Pretty, green and a problem
One of the most common invasive plants in the Eastern U.S., Japanese stilt grass is easily mistaken as a pleasing, bright green grass ground cover. Its lance-shaped leaves can be recognized by the silvery center stripe with hairs down the middle.
Although an annual, stilt grass reproduces quickly through prolific seed production, following its bloom in mid to late September. It is best mowed for control while in bloom, before the seed has developed. Since stilt grass seeds remain viable in the soil up to seven years, annual control for many years is required to remove it.
Japanese stilt grass is thought to have come to the U.S. as packing material in the early 1900s. It thrives in a variety of light and soil conditions, taking hold in disturbed areas, including the heavily deer-browsed forest floors in Frederick County. However, deer and other grazing animals are reluctant to eat it. When it takes hold in the understory, it out-competes the native plants and reduces the habitat preferred by native birds and animals.
Japanese stilt grass reproduces quickly through prolific seed production, following its bloom in mid to late September. It is best mowed for control while in bloom.
BACTERIAL LEAF SCORCH
The symptoms of bacterial leaf scorch have been showing up in area trees over the last month or so throughout the county. It is an infectious chronic disease spread by leaf-feeding insects like leaf hoppers and tree hoppers. It attacks the tree’s water transport system, called xylem, and disrupts water transport to the leaves, stems and roots. Diseased trees will produce healthy-looking leaves at the start of the growing season, but the margins of leaves will turn brown as the season progresses in late July and August.
The brown area will be separated from the green growth on the leaf by a yellow or red band, often called a halo. Unless treated, BLS will cause the slow decline and death of the tree over two or more growing seasons. It is not a new disease but it has become more common.
Numerous reports of venomous snake sightings have occurred across the county over the last month or so. In this area, two common venomous snakes are found — timber rattlesnake and copperhead.

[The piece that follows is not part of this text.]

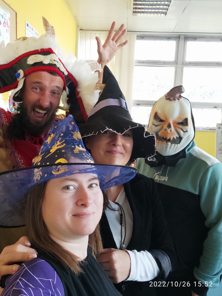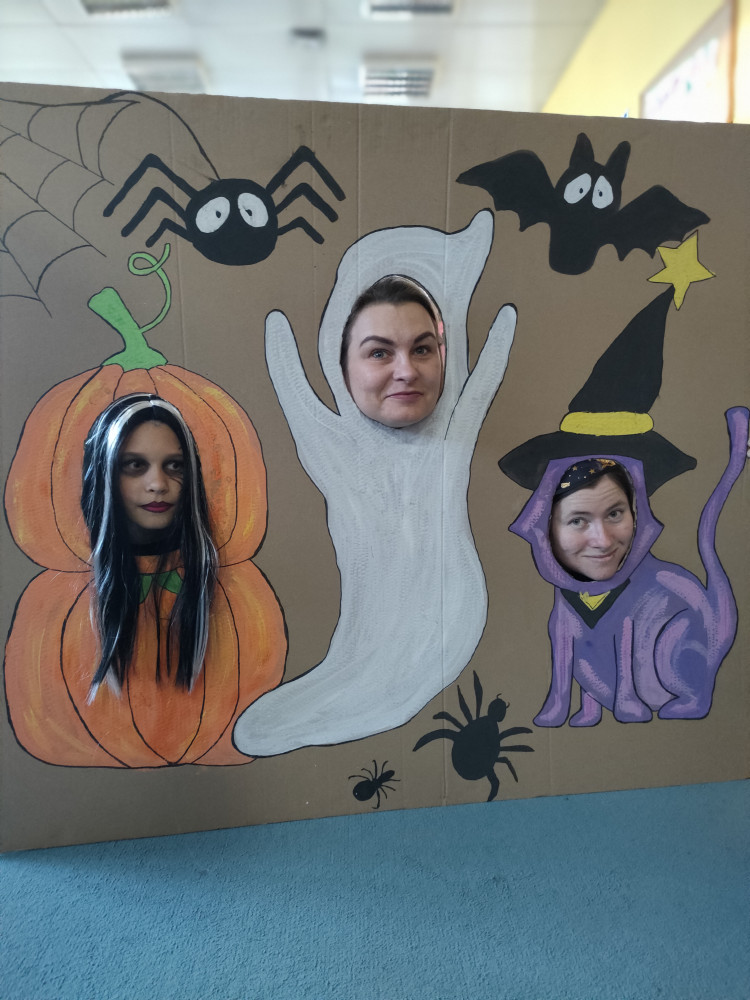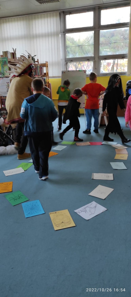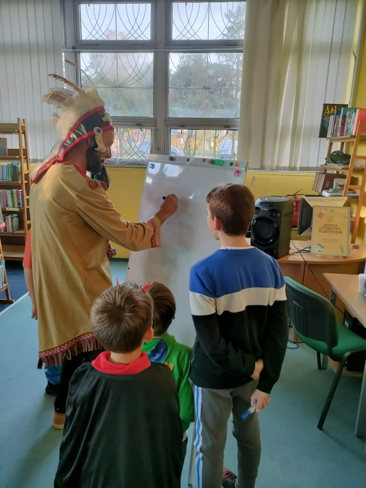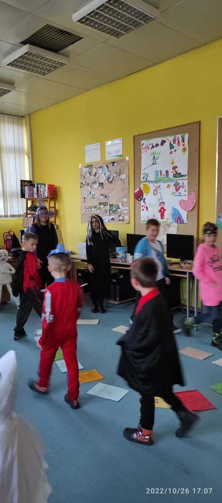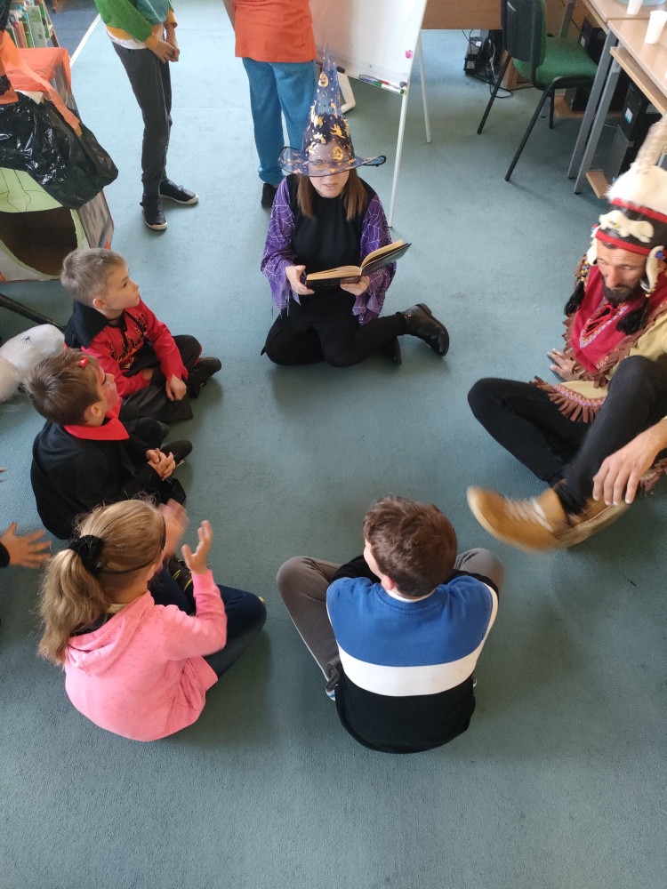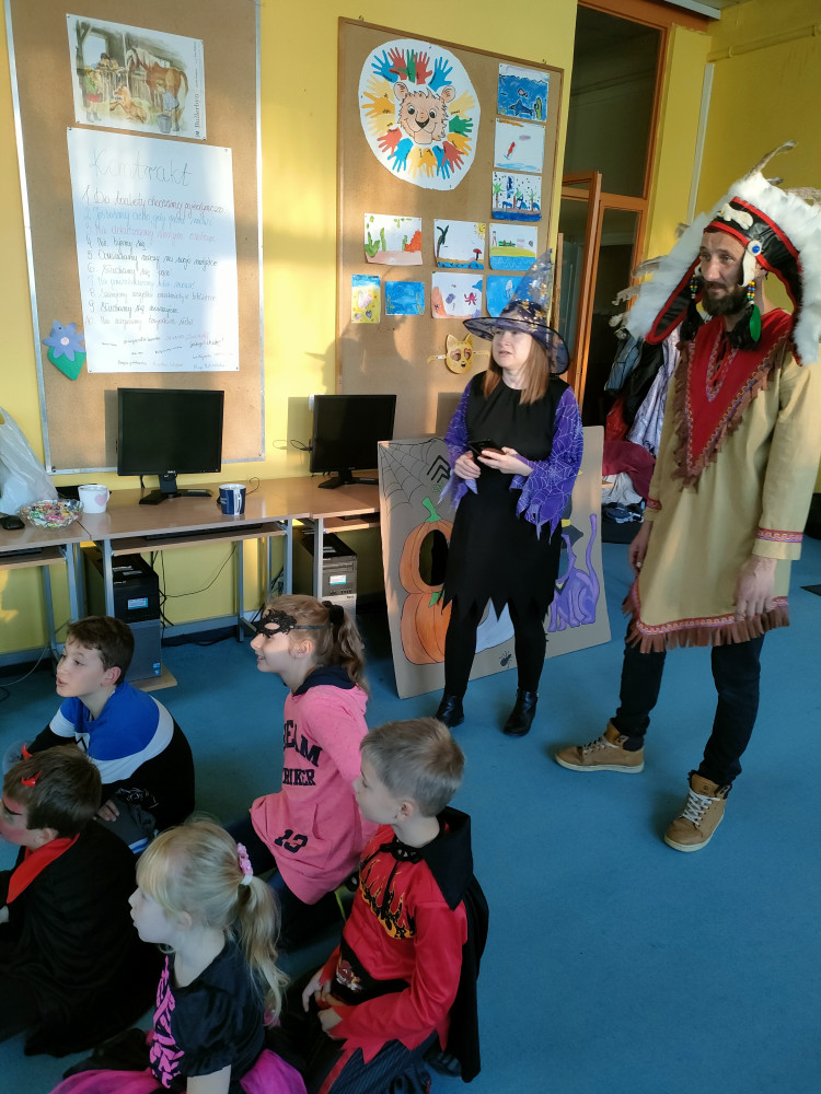 Działo się wczoraj w naszej bibliotece! Celebrując amerykańskie święto, jakim jest halloween odwiedzili nas wczoraj Ci mali i C duzi mieszkańcy Osiedla Morskiego przebrani za duchy, wampiry, czarownice a nawet macochę z "Królewny Śnieżki". Mieliśmy całą plejadę upiornych postaci, więc nie mogło zabraknąć opowieści z dreszczykiem, halloweenowych kalamburów czy przechadzki ulicą strachu. Chętni wykonywali też czarownice, które już wiszą na naszej wystawie. Jak zwykle mogliśmy liczyć na pomoc naszego strasznego indiańskiego wodza i jego upiornego przyjaciela, znanych wszystkim w okolicy, którzy mieli ssstrasznie duże serce. Było przerażająco śmiesznie i wesoło, można było umrzeć ze śmiechu.
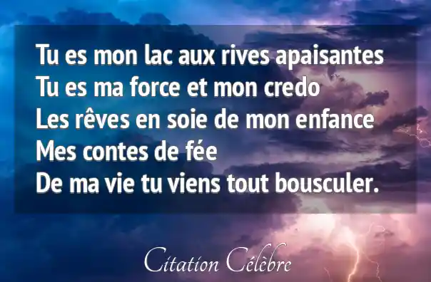 Tu es mon lac aux rives apaisantes Tu es ma force et mon credo Les rêves en soie de mon enfance Mes contes de fée De ma vie tu viens tout bousculer.

According to Scott Smith, a herpetology expert with the Maryland Department of Natural Resources Wildlife Division, there are a number of reasons for the recent sightings. Females are now giving birth to their young, which are born alive instead of in eggs. You may observe a pregnant female that cannot move much or spot groups of newborn snakes. Also, snakes are making their way back to their dens, so they are more mobile now, rather than sedentary as they usually are throughout the summer. Finally, the drier conditions of July and August may be causing these reptiles to travel farther in search of food.
Spotting a rattlesnake is a somewhat rare occurrence, as these snakes prefer dry, rocky outcroppings, which are usually far off the beaten path. Copperheads, on the other hand, are more numerous and found in a number of areas. Copperheads use camouflage as a defense to avoid contact with people or other animals that would harm them. Neither is very aggressive, although they will defend themselves if stepped on or attacked. Snakes, like any other wild animal, should be left alone.
In this area, two common venomous snakes are found — timber rattlesnake and copperhead, above.
Jewelweed is blooming now. It is part of the impatiens family, and is also known as touch-menot, because its mature seed pods will “explode” if touched. This trait helps disperse seeds distances of 20 feet or more.
Jewelweed is a native annual plant that is well distributed throughout America and was introduced across Europe during the last few centuries. It is a common plant found in moist rich soils throughout the region. The leaves, when wet, refract light like a prism and shine like silver. Jewelweed has been used as a home remedy for insect bites, bee stings and poison ivy.